Government did not stop there but made efforts to improve market access for cotton farmers and promoted partnerships with some private companies to ensure better pricing and contracts. It also increased funding for agricultural research towards developing high-yield and disease-resistant cotton varieties.

There has also been a lot happening towards equipping farmers with knowledge Government organising training workshops to enhance farmers’ knowledge of best farming practices, pest management and sustainable agricultural practices. This has backed by a lot of investments in rural infrastructure such as roads and irrigation systems to facilitate easier access to markets and improve production efficiency.

It seems the more Government is trying to improve the human component’s capacity, the more the challenges the cotton sector faces.

Adverse weather aside, it seems something is happening somewhere along the production process, which is impacting yields while markets also seem to be conspiring to gradually squeeze life out of the farmers.

This is the mystery I am seeking to understand in this analysis. This, effectively means there is some kind of breakdown somewhere and it is this disconnect that needs to be corrected to get the industry booming once again.

Maybe I am just over-thinking this but things are just not adding up.
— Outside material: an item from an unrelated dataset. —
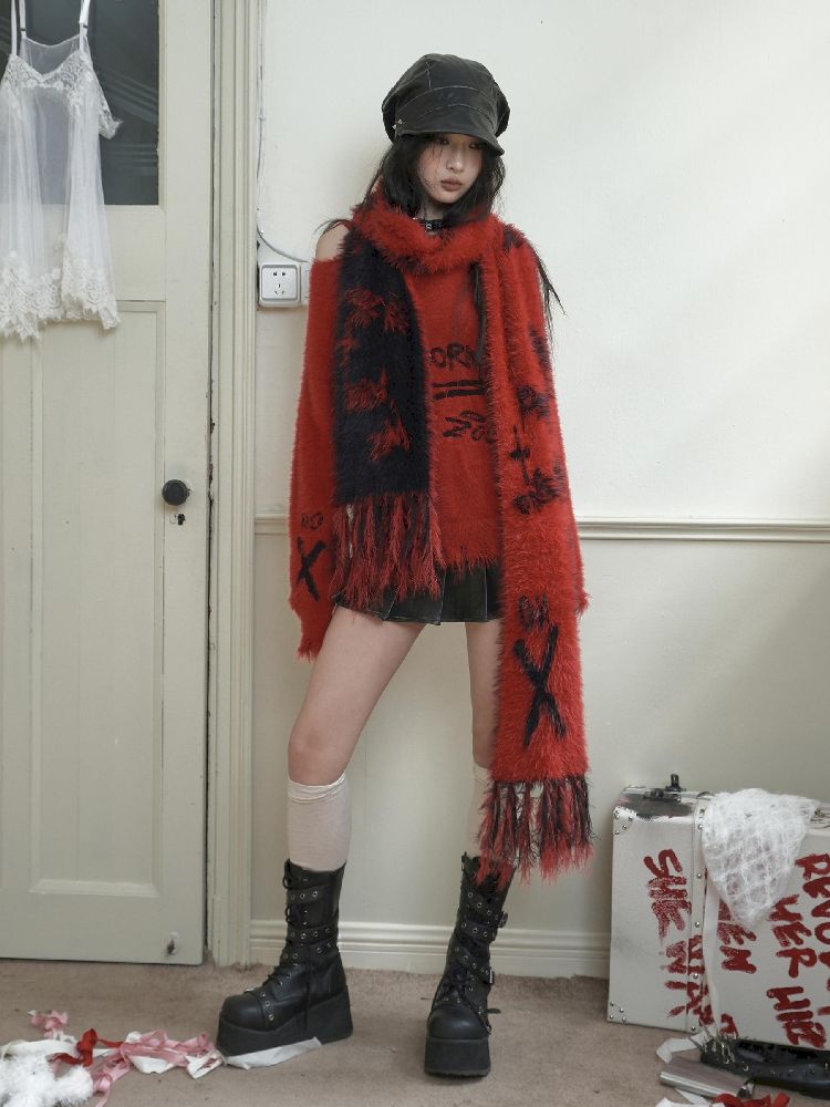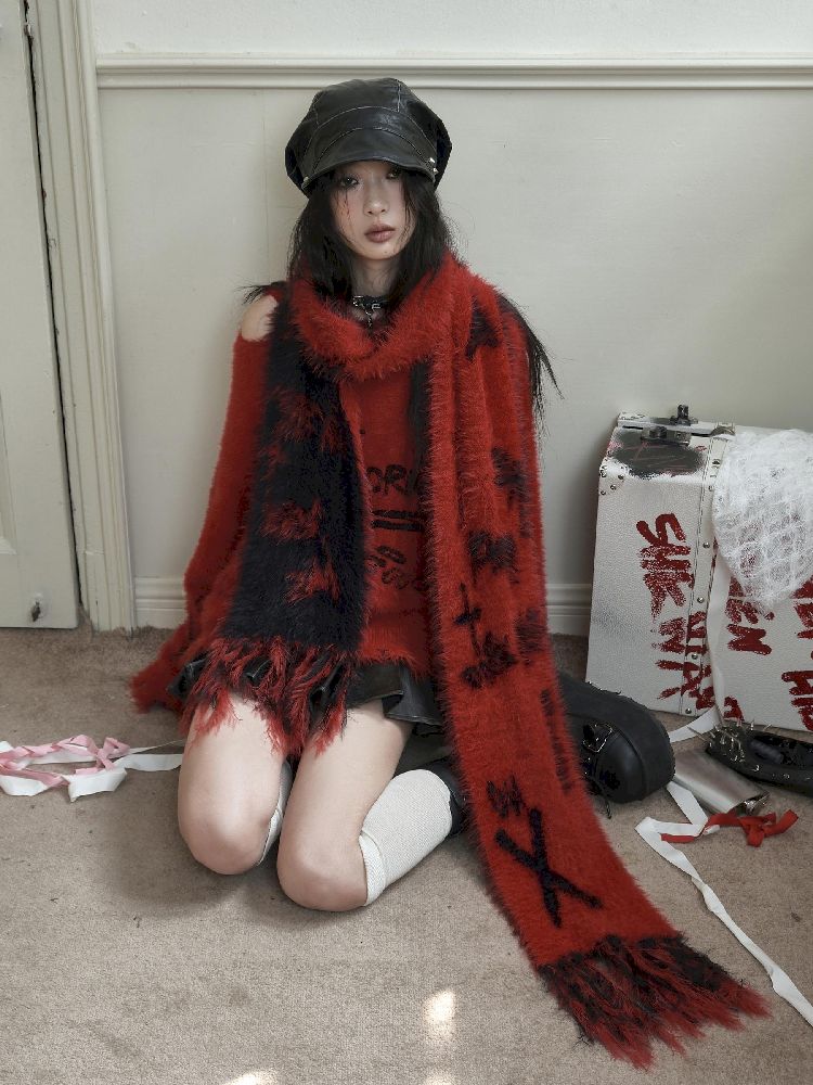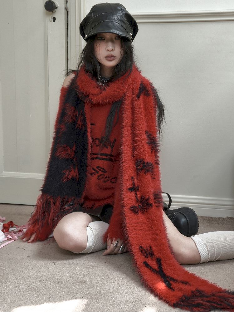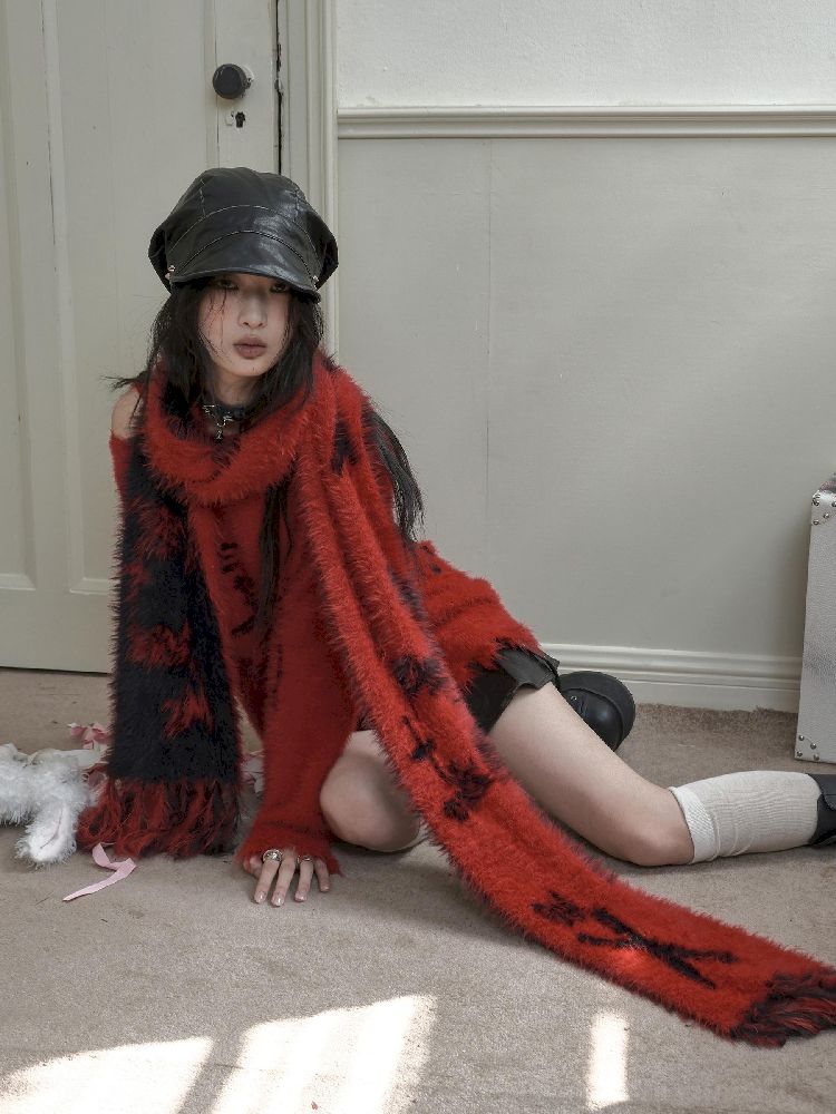 Reversible Knitted Red Scarf【s0000010725】

The 2023/24 season that was ruined by the El Nino inspired drought saw cotton yields settling at 13, 5 million kilogrammes, a yield that rose to just 28 million kilogrammes in a season that saw other crops recording bumper yields.
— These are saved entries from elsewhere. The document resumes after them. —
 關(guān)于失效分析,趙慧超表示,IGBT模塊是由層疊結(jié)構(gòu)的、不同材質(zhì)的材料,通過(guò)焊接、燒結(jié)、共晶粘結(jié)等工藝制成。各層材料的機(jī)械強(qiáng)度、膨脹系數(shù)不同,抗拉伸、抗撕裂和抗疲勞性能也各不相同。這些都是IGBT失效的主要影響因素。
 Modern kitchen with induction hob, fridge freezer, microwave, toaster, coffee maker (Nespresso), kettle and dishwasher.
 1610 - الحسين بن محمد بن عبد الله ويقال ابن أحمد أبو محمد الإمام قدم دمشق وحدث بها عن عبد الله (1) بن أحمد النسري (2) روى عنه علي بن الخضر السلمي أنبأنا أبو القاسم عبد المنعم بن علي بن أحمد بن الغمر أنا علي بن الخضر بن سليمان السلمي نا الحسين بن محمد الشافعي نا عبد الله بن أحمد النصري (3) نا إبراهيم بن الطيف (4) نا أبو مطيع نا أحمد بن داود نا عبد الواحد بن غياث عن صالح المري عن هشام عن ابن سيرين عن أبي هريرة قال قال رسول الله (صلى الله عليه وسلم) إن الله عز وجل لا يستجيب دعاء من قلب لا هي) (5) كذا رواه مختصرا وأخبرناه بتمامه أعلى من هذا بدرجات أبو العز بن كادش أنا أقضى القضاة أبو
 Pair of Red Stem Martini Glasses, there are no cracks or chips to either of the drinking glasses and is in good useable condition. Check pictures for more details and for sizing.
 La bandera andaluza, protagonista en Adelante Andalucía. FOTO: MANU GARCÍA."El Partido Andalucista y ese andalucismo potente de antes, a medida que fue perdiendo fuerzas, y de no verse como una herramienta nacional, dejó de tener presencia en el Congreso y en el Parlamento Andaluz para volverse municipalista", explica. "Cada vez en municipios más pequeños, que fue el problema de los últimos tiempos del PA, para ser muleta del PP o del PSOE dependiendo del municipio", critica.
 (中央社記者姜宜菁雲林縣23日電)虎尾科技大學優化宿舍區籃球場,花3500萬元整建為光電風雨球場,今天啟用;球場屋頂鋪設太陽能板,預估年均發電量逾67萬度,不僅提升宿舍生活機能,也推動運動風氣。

On the one hand, it may also suffice to say contractors have a role in the current challenges affecting the sector. They do not seem to be adequately preparing for the marketing seasons when they will be buying seed cotton from the farmers. In the end we are having perennial problems of farmers going for very long periods of time without being paid for deliveries they would have made.
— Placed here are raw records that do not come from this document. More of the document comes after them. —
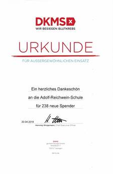 Alle 15 Minuten erhält in Deutschland ein Patient die Diagnose Blutkrebs. Vielen Patienten hilft nur eine Stammzelltransplantation. Jedoch findet jeder siebte Patient keinen passenden Spender. Aus diesem Anlass heraus wurde an der Adolf-Reichwein-Schule eine Typisierungsaktion durchgeführt, um potenzielle Spender für die Datenbank der DKMS (Deutsche Knochenmarksspende) zu gewinnen. 540 Schülerinnen und Schüler sowie deren Lehrkräfte informierten sich im Rahmen von drei Vorträgen über das Thema Blutkrebs, 238 ließen sich anschließend durch Mitschülerinnen und Mitschüler des Beruflichen Gymnasiums registrieren. Insgesamt ein sehr gutes Ergebnis für die DKMS.
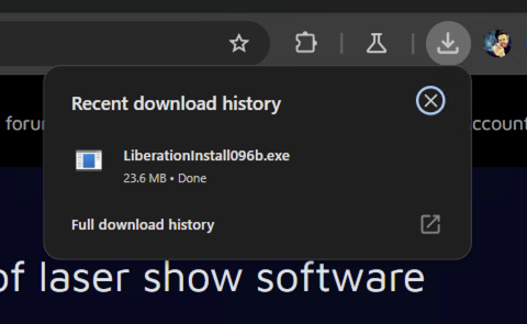 Download latest for Windows를 클릭합니다(버전 번호는 달라질 수 있음). 그러면 다운로드 표시기가 진행 상황을 보여줍니다(보통 오른쪽 위에 표시되며, 스크린샷은 Chrome 기준입니다). 완료되면 다운로드 폴더를 열고 다운로드한 설치 파일을 클릭합니다.
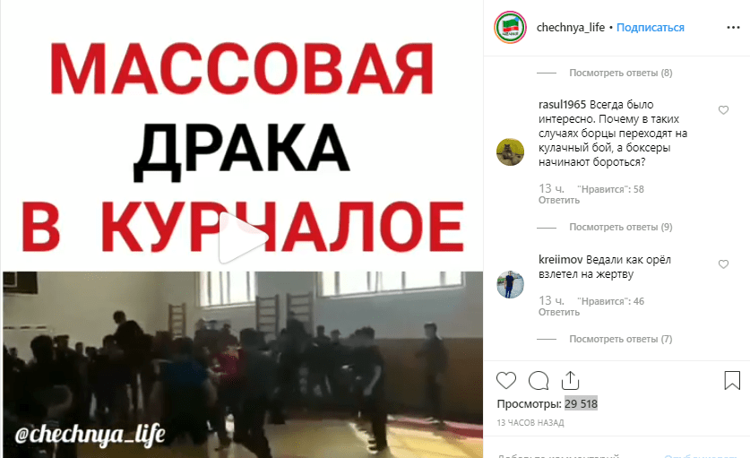 Видеозапись инцидента 3 апреля опубликована в Instagram-аккаунте chechnya_life. К 07.20 мск 4 апреля она собрала 29 929 просмотров и 183 комментария. В ролике видно, как болельщики начали драку после конфликта спортсменов.
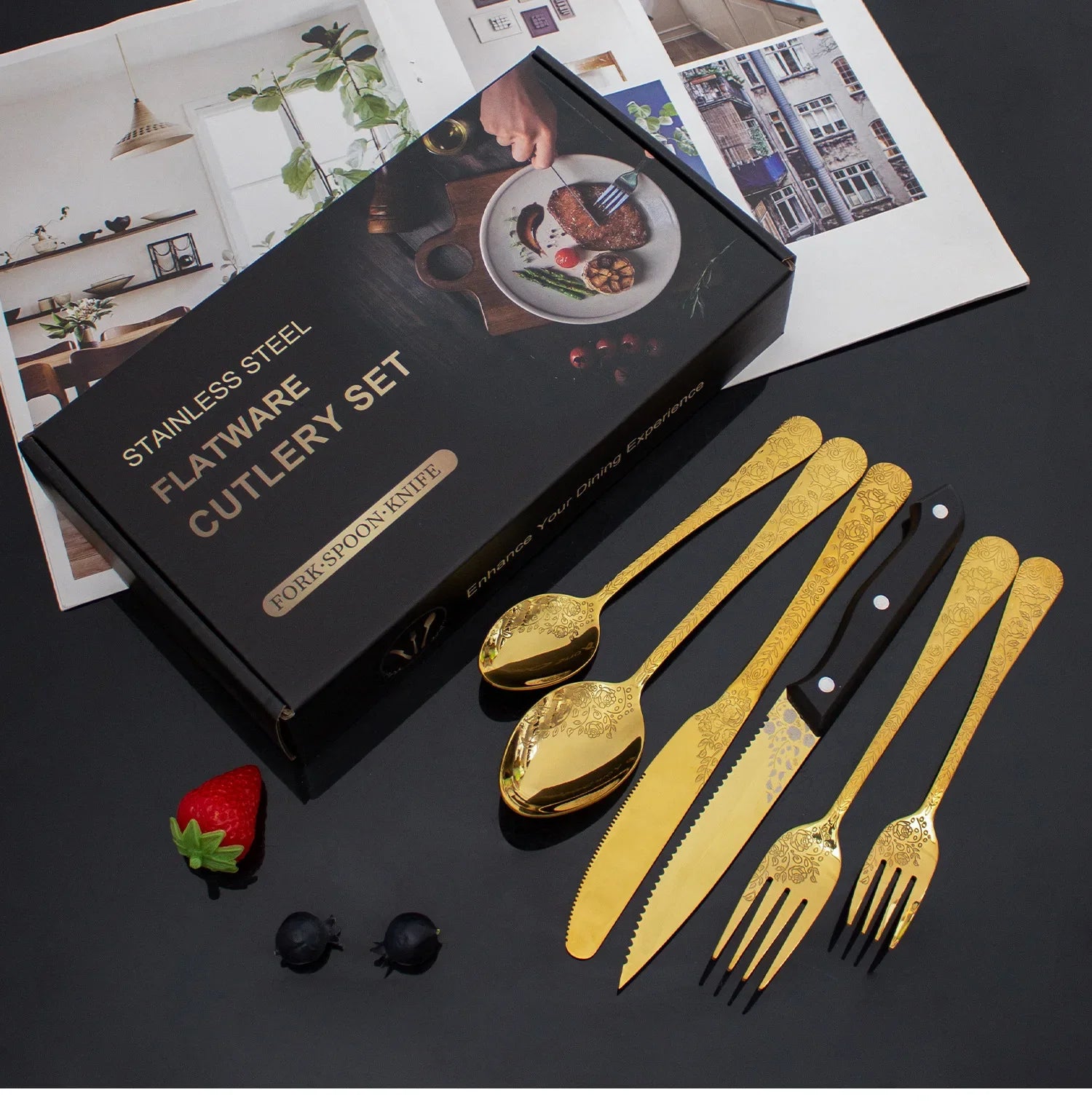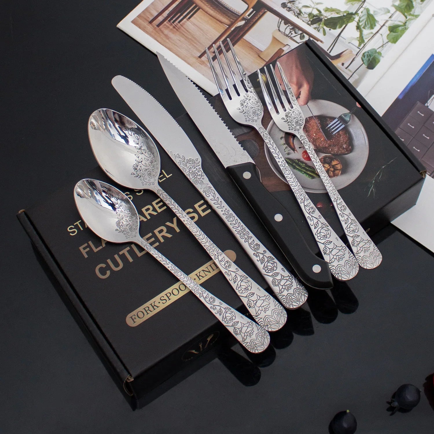 - Inhoud: Steak messen, vorken, lepels

Remember, farmers are business people who need working capital every bit of the way, so failing to pay them on time for produce delivered is tantamount to denying them the opportunity to invest in new cropping ventures.

The shrinking hectarage may be a result of many other factors but to me, money in the form of payments for produce, is a key determinant to how the industry survives going forward.

It is highly disappointing to realise that farmers have not received differential prices for their cotton after the regrading process. The grade differential prices are unequivocally farmers’ dues given that all the lint is bought as grade D before it is later re-graded to enable farmers to get the true value of their produce. It must not come as just a token of appreciation or a complimentary prize but something that belongs to the growers.

Over the years, grade differential prices had been made to look as if they are optional by some contractors yet they should be the ones bringing in the greater chunk of the payments. If a farmer scores grade A for the bulk of her cotton and receives the initial grade D prices, then it means more money should therefore be coming later after the re-grading.

I vividly remember that we would wait expectantly for the grade differential price back in the eighties and late seventies after we would have received our first payment. The coming of that money just before the festive season would enable my parents to buy us new clothes for both Christmas and new year. They would also use the money for home developments and further preparations for new seasons.

This does not require rocket science for anyone to see how cotton farming allowed and can still allow farmers to make decent livelihoods after the marketing seasons. This failure by the crop to generate enough revenue to uplift livelihoods may also be part of the reasons the crop may be slowly dying a natural death.

All this is happening on the backdrop of rampant reports that many farmers are dumping the white gold for either tobacco or sesame, two crops which are currently ruling the roost, as far as viable payments are concerned.

It will only be a matter of time before paying before the nation wakes up to the news that farmers have completely opted to dump cotton.

This is not a prophecy of doom but words of a one-time beneficiary of cotton revenue when the sector was still thriving.